Frankie Fidler

No. 23 – Rīgas Zeļļi
- Position: Small forward
- League: LEBL ENBL

Personal information
- Born: April 25, 2003 (age 22) Bellevue, Nebraska, U.S.
- Listed height: 6 ft 7 in (2.01 m)
- Listed weight: 217 lb (98 kg)

Career information
- High school: Bellevue West High School (Bellevue, Nebraska)
- College: Omaha (2021-24) Michigan State (2024-25)
- NBA draft: 2025: undrafted
- Playing career: 2025–present

Career history
- 2025-present: Rīgas Zeļļi

= Frankie Fidler =

American basketball player (born 2003)

Frankie William Fidler (born April 25, 2003) is an American professional basketball player for Rīgas Zeļļi of the Latvian-Estonian Basketball League and European North Basketball League.

==College career==
Spent three years at Omaha and was named First Team All-Summit Conference in 2023-24 after averaging 20.1 points per game, 6.3 rebounds and 2.6 assists per game.
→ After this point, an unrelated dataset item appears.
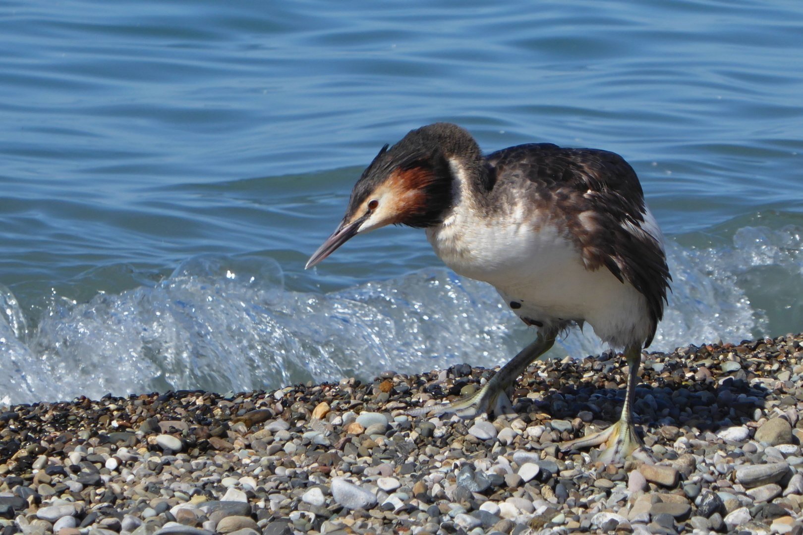Чомга водоплавающая птица Черноморского побережья

In 2024 transferred to Michigan State. Appeared in all 37 games, starting seven times. Averaged 7.0 points per game, while adding 3.3 rebounds in 16.2 minutes per game.

==Professional career==
===Rīgas Zeļļi (2025–present)===
On August 19, 2025, Fidler signed with Rīgas Zeļļi to play in the Latvian-Estonian Basketball League and European North Basketball League.

==Personal life==
Frankie is the son of Chris and Sandy Fidler. He has a brother, Louis, and a sister, Ruby. Louis played basketball at Morningside University.